The question is if India needs a national government for deciding the agendas of the states. For instance, Kerala didn’t want the health insurance scheme of the central government, but had to accept it for fear of losing the money that came with it. The West Bengal government outrightly rejected it. Similarly, Tamil Nadu is bitterly opposed to NEET, and even waged political battles to stop it because it affected the state’s brilliant legacy of educational autonomy, but had to fall in because the central government wouldn’t listen. In fact, the NEET issue wouldn’t have arisen had Indira Gandhi not taken education out of the state list and put it in the concurrent list during her centralisation spree of the 1970s. Given a choice, the DMK would want to bring it back to the state list.

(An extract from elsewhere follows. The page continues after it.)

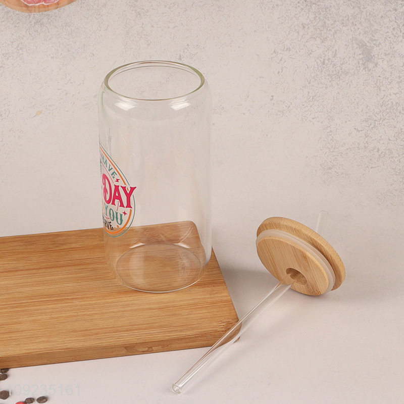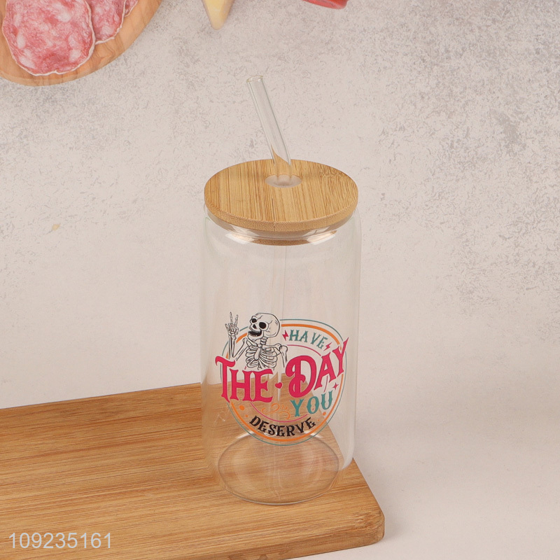 Wholesale High Borosilicate Glass Cup with Lid & Straw for Iced Coffee
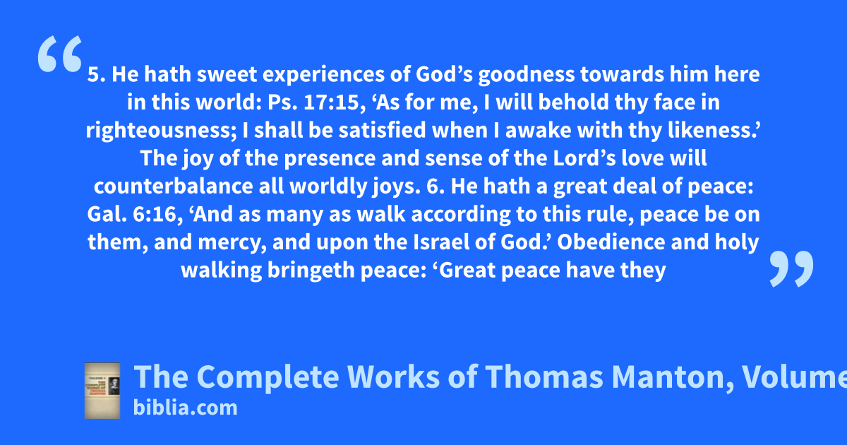5. He hath sweet experiences of God’s goodness towards him here in this world: Ps. 17:15, ‘As for me, I will behold thy face in righteousness; I shall be satisfied when I awake with thy likeness.’ The joy of the presence and sense of the Lord’s love will counterbalance all worldly joys. 6. He hath a great deal of peace: Gal. 6:16, ‘And as many as walk according to this rule, peace be on them, and mercy, and upon the Israel of God.’ Obedience and holy walking bringeth peace: ‘Great peace have they

If the states had a controlling stake in the central government, these decisions wouldn’t have happened.

That’s the relevance of a coalition government.

In other words, a coalition government that is controlled by regional parties is a way of reclaiming the real India. There will be conflicts and uncertainties, but there will also be accountability and autonomy that a federal system envisages.

Now what remains to be seen is if the BJP – in case the NDA doesn’t have sufficient numbers – is going to present itself as a single largest party and repeat a 1996 AB Vajpayee-style fatal leap or succeed like it did in 1998. Or if the country is going to witness yet another coalition – failure similar to those of 1979, 1989 and 1996-98.

No other party than the Congress embodies the reality of regionalisation and coalition better. The party that once claimed (Kolkata plenary, 1997) that it “has the will and capacity to ensure and acquire the support of the people of this country for a stable one-party government” today is more eager than anybody else to form a coalition government.

The author, a former journalist and UNDP Senior Adviser in the Asia Pacific, is presently based out of Chennai and Thiruvananthapuram.

Views expressed are the author's own.